Monday, August 8, 2011

8/9/11—Seeing Spirituality's Holy Grails

Today's Draw: The High Priest from the Druidcraft Tarot. Are your inner and outer lives aligned? How do you think you're doing on your quest for personal and/or spiritual enlightenment? Could your assumptions about what enlightenment is be holding you back on your path?

We get this guy a lot. He's the Hierophant, the dude that teaches religious rules and laws and expects us to conform to them. In a reading, he might even foretell a wedding. And he'd be the one to officiate it. But as the book indicates, he can also come to suggest a different kind of marriage—the marriage of our inner and outer lives. 

What it all comes down to is living authentically. It sounds so simple, but it's not is it? I've had those words floating around in my head for years and I can't honestly say if I live authentically. I mean, I think I do. I pretty intrepidly follow the interests, opinions and attitudes that feel true to me, sometimes to the disappointment of others. And I've been told by people that I know myself pretty well. I suppose in many ways, I probably integrate my inner Tierney with my outer Tierney better than many. I have nothing to be ashamed of, no regrets, no reason to hide. 

But the thing is, people are constantly changing. Just like in a regular marriage. It's not like we can say, "I have now married my inner and outer selves and am done". Nor can we always be guaranteed to make choices that align both inner and outer selves. Part of figuring out who you are is trying on different directions and seeing what feels right. I mean, I know I'm all about the chocolate ice cream. But maybe I'm REALLY all about the pistachio and I just don't know it because I haven't tried it. And tastes change over time. I didn't used to like the color red and now it's a prominent color in my home. So it stands to reason the state of alignment between inner and outer selves is constantly in flux. 

Now this doesn't give ourselves a convenient excuse to keep living a lie or avoid exploring our inner beings. I mean, trying pistachio and liking it more could be authentic to me, after all. But what I'm trying to say is that these phrases that are bandied about—living authentically, marrying our inner and outer lives, knowing ourselves, being true to ourselves—they're not the holy grails we think they are. And the people who seem to have attained them, are really just as much in flux as you. 

Sure, there are different degrees of "being there". But being there 100% just doesn't exist. And we tend to torture ourselves with one of many conclusions....we're not doing it right and someone else is, we are "less than" the people who appear to be doing it right, we'll never do it well enough, we've failed at doing it, or it's fruitless for us to even try because we'll never do it perfectly. The same is true about the holy grails of happiness, inner peace, enlightenment and many other spiritual concepts.
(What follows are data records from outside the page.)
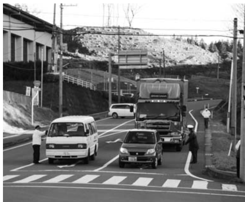
事故防止を呼びかける関係者

交通安全協会鮫川支部と村交通安全対策協議会主催の「交通安全テント村」は、年末年始の交通事故防止県民総ぐるみ運動前日の十二月九日、赤坂中野字宿ノ入地内の交差点で繰り広げられました。テント村には交通関係者約三十人が参加。鮫川駐在所で出発式を行ったあと、通行するドライバーにチラシやティッシュを配り、年末年始の安全運転を呼びかけました。
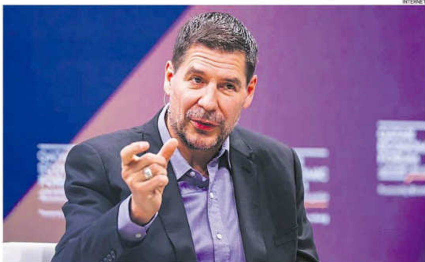
El empresario Marcelo Claure presentó ayer su última encuesta de cara a las elecciones del 17 de agosto.
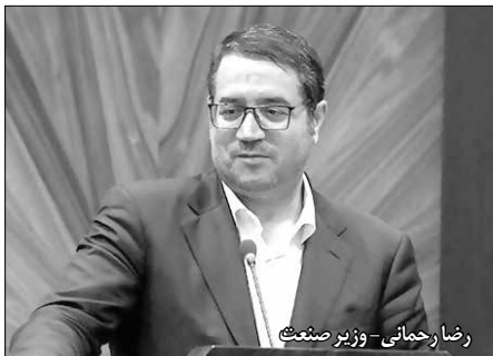
رضا رحمانی - وزیر صنعت
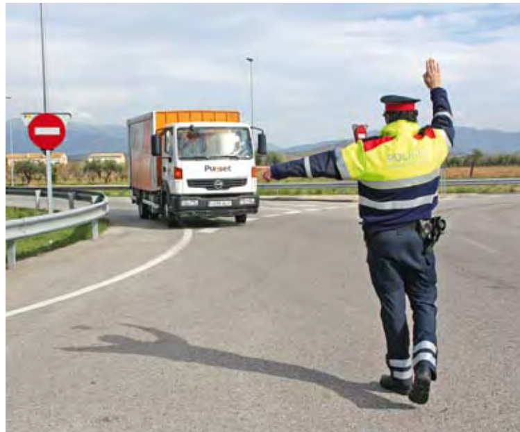
PONT DE MOLINS. Controls la setmana passada aprofitant la rotonda d'accés al poble.

A Pont de Molins al quilòmetre 762 de l'N-II, la setmana passada diversos agents dels Mossos
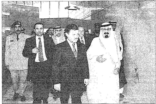
خادم الحرمين الشريفين لدى استقباله الملك عبدالله

عبدالعزیز الامین العام لمجلس الامن الوطني وصاحب السمو الملكي الامير سلطان بن سلمان بن عبدالعزيز وصاحب السمو الملكي الامير محمد بن تاييف بن عبدالعزيز مساعد وزير الشؤون الامنية وصاحب السمو الملكي الامير عبدالعزيز بن عبد الله بن عبدالعزيز مستشار خادم الحرمين الشريفين وصاحب السمو

When we compare ourselves to another person's state of being or some other ideal, we set ourselves up for loss every time. 

None of these are destinations. Instead, they're points along a path. And the points get closer together the further you travel down the path, but you never reach the end of the path. 

Personally, I think the concept that there is a destination we must all reach and that we are measured by where we are on the route, is one of the most harmful thoughts to carry on the way to personal and spiritual enlightenment. It holds you back. You can't compare yourself to others, because you simply have no way of knowing what's going on inside them and you can't be objective comparing anything to yourself. And you can't judge by where you are on the path, because you have no idea where you on the path. I've experienced months of extreme peace and happiness, then dove over the edge into chaotic thought and depression. I was still traveling forward on the path, but depending on when you asked me, I'd give a very different report as to where I was on it. 

What I guess this is all getting to on this Tuesday early in August is this—you're doing fine. Keep up the good work. Don't ever give up trying. And, instead of critiquing and comparing, give yourself a break. You may just find yourself getting a glimpse of those holy grails more often.